More than 1,000 solvers competed for the ALS Prediction Prize. They were given access to clinical data from 1,822 ALS patients in the PRO-ACT database collected during the three months following their diagnoses and asked to develop and train algorithms that predicted the condition of each patient nine months later according to the ALSFRS, a standard functional scale that measures patients’ abilities to move, care for themselves, speak, and breathe. A total of 37 algorithms were submitted.
InnoCentive, an organization that hosts crowdsourced competitions, evaluated the algorithms by comparing the predicted with the actual state of each patient. The algorithms were then assessed using a third, fully blinded and previously unseen validation set. The winning models were selected according to performance on this validation set.
The Sentrana team’s algorithm showed that the speed of decline or stability of face-related ALSFRS scores, which include tests of speech and swallowing, predicted overall disease trajectory. The algorithm also showed that a decline in breathing-related scores signaled the end stage of the disease. The Stanford team’s algorithm found that the elapsed time from disease onset to when patients entered clinical trials best predicted the nine-month trajectory of ALS, and that past rate of decline on the ALSFRS, fluctuations in body weight, and speaking ability were also highly predictive of disease progression.

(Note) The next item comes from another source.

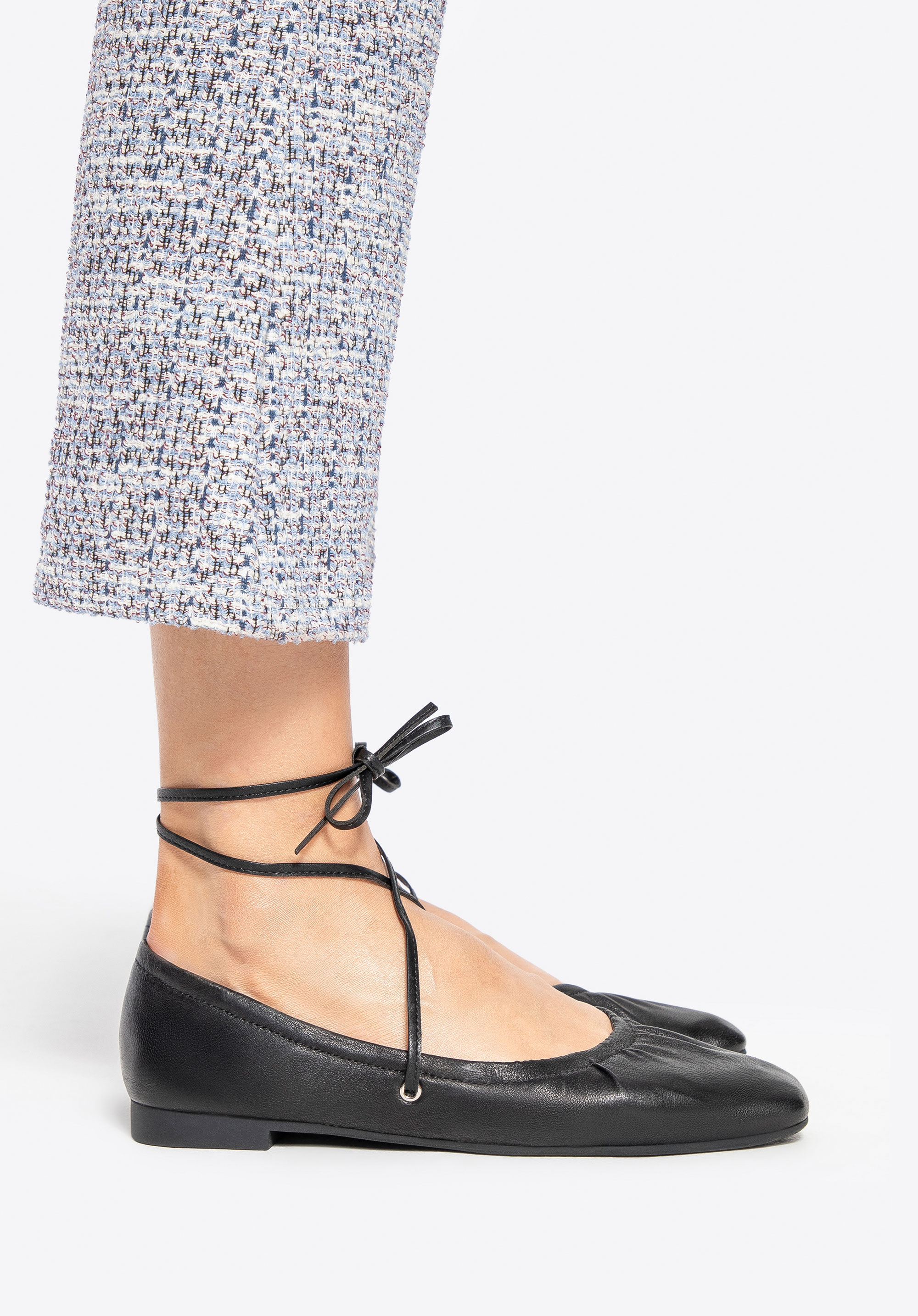 Subtle yet distinctive, these women's ballerina flats are crafted from premium natural leather and combine classic elegance with a modern edge. A square toe gives them a unique character, while the ankle tie straps add a sense of lightness and feminine charm. A leather lining ensures day-long comfort, and the rubber sole offers flexibility and stability with every step.

Prize4Life CSO Zach says the two winning algorithms, which were recently published in Nature Biotechnology (33:51-57, 2015), “were essentially identical in predictiveness.”
The challenge also identified several potential nonstandard predictors of disease progression—uric acid, creatinine, and, surprisingly, blood pressure—that may shed light on ALS pathobiology. These findings compelled challenge organizers to host a second ALS Prize4Life challenge—the ALS Stratification Challenge—that will ask solvers to develop computer algorithms that classify 9,000 ALS patients according to disease characteristics.
The ALS Stratification Challenge is hosted by Prize4Life, DREAM, and Sage Bionetworks, which merged its open-science efforts with DREAM in 2013. The new challenge will begin registration this May and launch in June. In addition to crowdsourcing a community of solvers, the collaborators are crowdfunding donations for the prizes that will be awarded to winners of the competition.